Flespi offers a number of ways to deliver the data into your target platform or application. One of the options is via flespi streams — a push-based message delivery method. The most widely used is the HTTP stream that generates an HTTP request to an arbitrary URL with custom headers and JSON payload. Such a stream is a fast and straightforward way to deliver telematics data from your tracking devices into any third-party platform using a small script to properly handle the data flow.
Stream operates in a single thread mode and performs HTTP POST requests to your server/lambda delivering all accumulated messages as JSON array in BODY payload. Each new portion of messages will be posted only after flespi received a reply from your server to the previous request. You may configure the stream for recommended maximum size of each batch by using limit_messages option to lower the load on your HTTP server and improve throughput.
To secure communication between your server and flespi you may use SSL. To secure even more - provide stream with private CA to validate HTTPS connection to your server. Also you are can configure the stream to use custom Authorization headers and control their validity on your side.
You may configure message JSON representation and change parameters notation or leave only specified parameters in each message by using convert_message option.
You may skip unwanted messages by using validate_message option with some expression.
For a quick start check specific code samples in different programming languages to handle the HTTP requests from the flespi stream.

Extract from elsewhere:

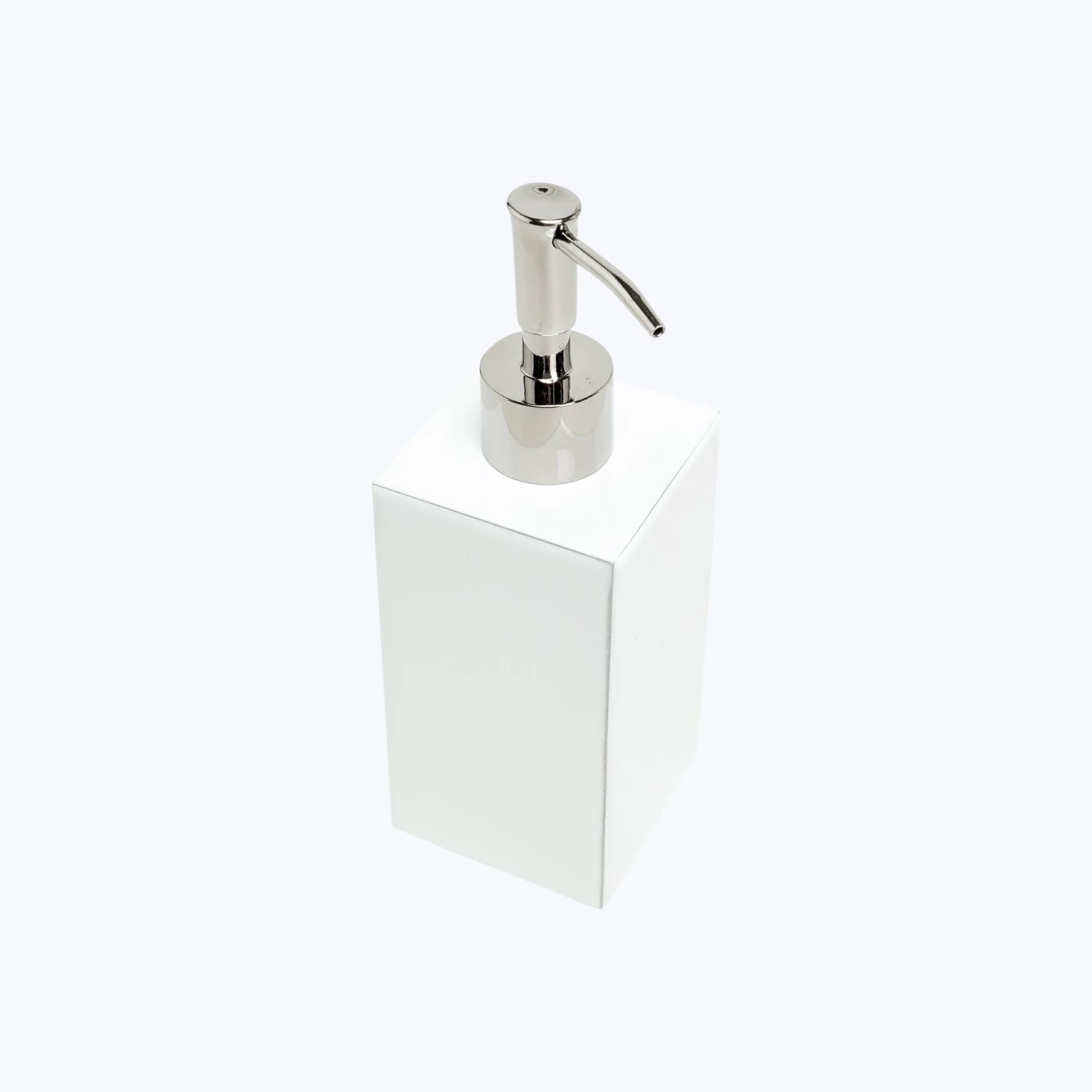 This assortment of minimalist contemporary bath accessories features a clean and modern hand-cut profile with a sparkling silver interior. Suitable for humid environments and are anti-bacterial and stain resistant. Hand cut, assembled, and polished.

1. Create and configure an HTTP stream
The stream will take the data from a channel or device and forward it to your platform.
Let’s create an HTTP stream in the flespi platform: pick the http type in the protocol_id drop-down and populate the URI parameter with the path on your server, e.g. http://your-server:port/path-on-server.

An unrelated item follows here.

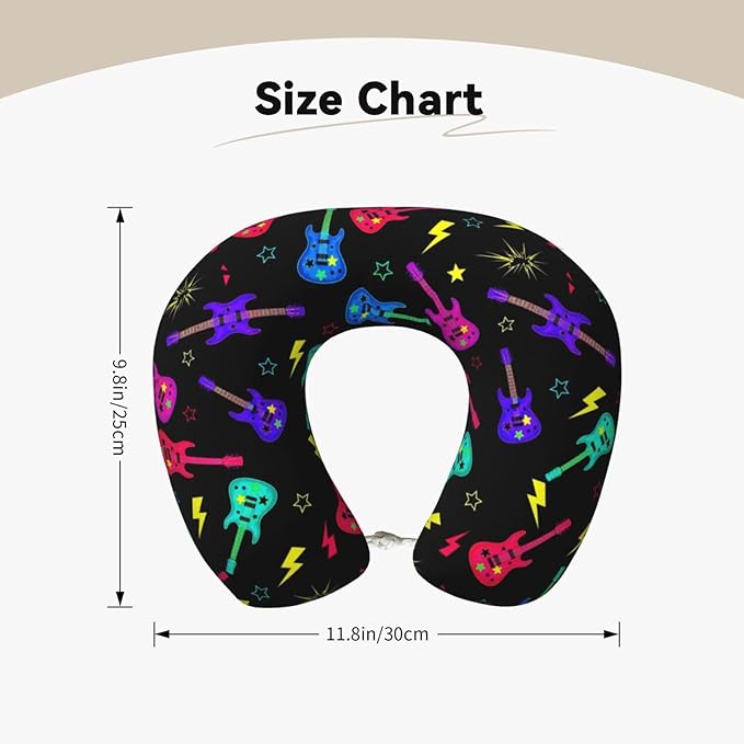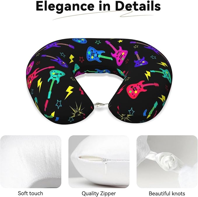Breathable Neck Pillow for Sleeping Rest Nap Trippy Neon Electric Guitars, Airplanes/Car/Home Memory Foam Travel Cushion with Polyester Cover Washable for Women Men

Note: %ident% is the ident mask meaning that the messages from flespi will be sent via the stream with their original ident (IMEI). Usually, there's no need to change this parameter unless you want to distinguish the subset of devices coming from flespi. Then you can add a prefix like this "flespi-%ident%.
2. Subscribe the stream to the proper source
Now that we have a stream, we need to feed some data into it. Click on the stream card. Switch to the Devices to Channels tab (depending on what instance should serve a the source of data). Click the '+' button in the bottom right corner and pick the required source instance from the list.

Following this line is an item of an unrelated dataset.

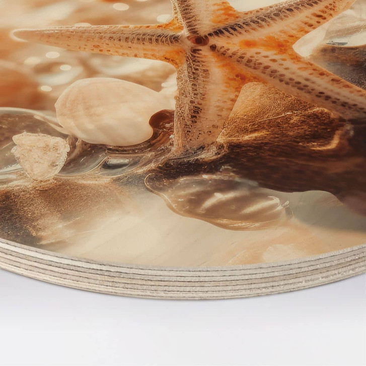 Holzbild Muscheln am sonnigen Strand - Treechild - Rund

Note: pick EITHER channel(s) OR device(s) — don’t mix up both — this may lead to duplicate messages.
3. Deploy script on your server
Pick one of the examples in the preferred programming language (we have PHP, NodeJS, and Python so far) and deploy it on your server or VPS at the location you specified in step 1 in the URI field.
4. Configure the script
Make the necessary changes to the script to instruct it to listen on your-server:port network endpoint and to handle a /path-on-server URI.
5. Get the data
Once steps 1 to 4 are complete, you will start getting batches of messages from the flespi platform on your side. The messages will be in JSON format like this:
[
{
"ident": "352625333222111",
"position.altitude": 273.61,
"position.hdop": 0.7,
"position.latitude": 49.069782,
"position.longitude": 28.632826,
"position.satellites": 18,
"server.timestamp": 1650636570.426424,
"timestamp": 1650636570.426424,
"device.type.id": 123,
"channel.id": 1111,
"protocol.id": 10,
"engine.ignition.status": true,
...
},
...
]
Now you are free to use the obtained telemetry data in your applications, projects, and platforms.
Important! The stream expects a 200 response code from the server to continue sending messages.